The needs assessment looks at what your loved one can and cannot do, what risks they face, and what outcomes matter to them. It considers physical health, mental health, daily living activities, social isolation, the impact on family carers, and the person's own wishes about how they want to live. It should be carried out by a trained assessor — typically a social worker or occupational therapist — and should involve the person being assessed, along with anyone they want to be present.

If the assessment identifies eligible needs — defined under the Care Act as needs that arise from a physical or mental condition, that the person cannot meet themselves, and that have a significant impact on their wellbeing — the local authority must prepare a care and support plan. This plan sets out what support will be provided and how it will be delivered.

The needs assessment is the gateway to everything that follows. Without it, there is no formal care plan, no access to local authority funding, and no structured framework for decision-making. Request one early. Do not wait for a crisis. Under section 9 of the Care Act 2014, your local authority cannot refuse to carry out an assessment if it appears that the person may have needs for care and support. This is a legal right, not a favour.

Financial assessments and means testing

Once eligible needs have been identified, the local authority will carry out a financial assessment — commonly called a means test — to determine how much, if anything, the person should contribute towards the cost of their care. This is where many families receive unwelcome news.

The means test considers both income and capital. Capital includes savings, investments, and in many cases the value of the person's home. The key thresholds in England are straightforward, even if their consequences are not. If the person has capital above the upper threshold of 23,250 pounds, they are deemed able to pay the full cost of their care. The local authority will still arrange care if asked, but the person pays the entire bill. They are a self-funder.

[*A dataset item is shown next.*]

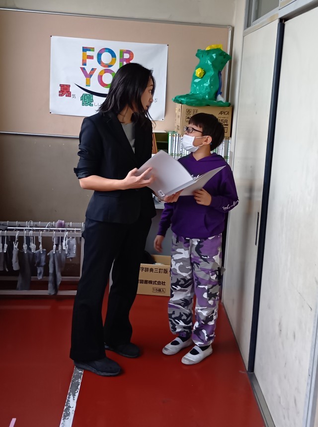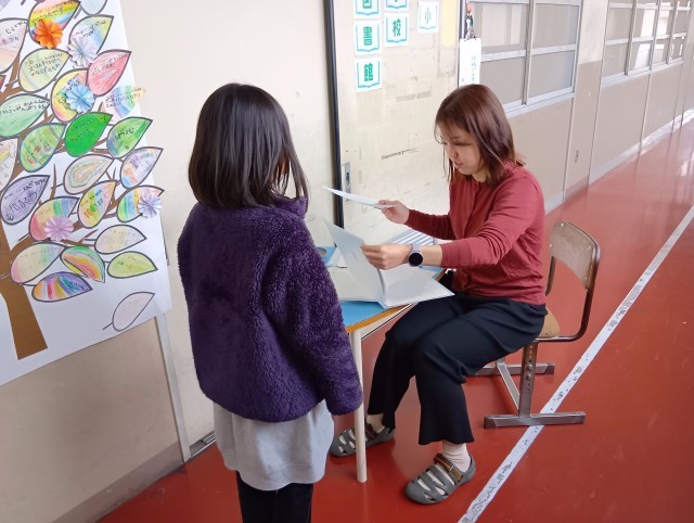 お手紙や宿題の確認をしていたり、のびゆく子(通知票)が渡されたりしていました。

If capital falls between 14,250 pounds and 23,250 pounds, the person makes a contribution from their capital in addition to any contribution from their income. This is calculated using a tariff income formula: for every 250 pounds, or part of 250 pounds, of capital above the lower threshold, one pound per week is treated as income. The person pays this notional income on top of their actual income contribution.

Below 14,250 pounds, capital is disregarded entirely and the person contributes only from their income. Even then, they are entitled to retain a minimum amount for personal expenses — currently 28.25 pounds per week for residential care, or enough to meet their basic living costs if they receive care at home.

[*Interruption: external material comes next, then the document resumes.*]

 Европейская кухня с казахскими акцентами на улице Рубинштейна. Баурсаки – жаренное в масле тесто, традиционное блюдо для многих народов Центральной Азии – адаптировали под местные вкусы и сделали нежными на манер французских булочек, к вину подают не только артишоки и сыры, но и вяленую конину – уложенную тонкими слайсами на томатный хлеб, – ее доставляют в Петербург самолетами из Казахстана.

The financial assessment must follow national regulations set out in the Care and Support (Charging and Assessment of Resources) Regulations 2014 and associated statutory guidance. Local authorities have some discretion in how they apply these rules, but they cannot set their own thresholds or invent additional charges. If you believe the assessment has been carried out incorrectly, you have the right to challenge it through the local authority's complaints procedure and, if necessary, through the Local Government and Social Care Ombudsman.

NHS Continuing Healthcare: the most important funding you may never have heard of

NHS Continuing Healthcare — known universally as CHC — is the single most valuable funding route available to people with complex care needs in England. If your loved one qualifies, the NHS pays for all of their care. All of it. This includes care at home, including live-in care. It is not means-tested. It does not matter whether the person has five pounds or five million pounds in the bank. Eligibility is determined entirely by the nature and severity of their health needs.

CHC exists because the NHS is responsible for meeting healthcare needs, while local authorities are responsible for social care needs. The dividing line between the two has always been contentious. CHC applies when a person's primary need for care arises from a health condition — when the nature, intensity, complexity, and unpredictability of their needs are beyond what social care services can reasonably be expected to provide.

The assessment process has two stages. First, a screening using the Checklist tool — a document that maps the person's needs across twelve domains including breathing, nutrition, continence, skin integrity, mobility, communication, cognition, behaviour, psychological needs, drug therapies, and altered states of consciousness. If the screening suggests eligibility, the person proceeds to a full assessment using the Decision Support Tool, which is completed by a multidisciplinary team — typically including a nurse, a social worker, and relevant clinicians.

Each domain in the Decision Support Tool is scored on a scale from no needs through to priority needs. Eligibility for CHC generally requires at least one domain to be scored at priority level, or a total pattern of needs across multiple domains that indicates a primary health need. The assessment considers the nature of the needs (what type of care is required), their complexity (the skill needed to manage them), their intensity (the extent and severity), and their unpredictability (the degree to which needs fluctuate and create risk).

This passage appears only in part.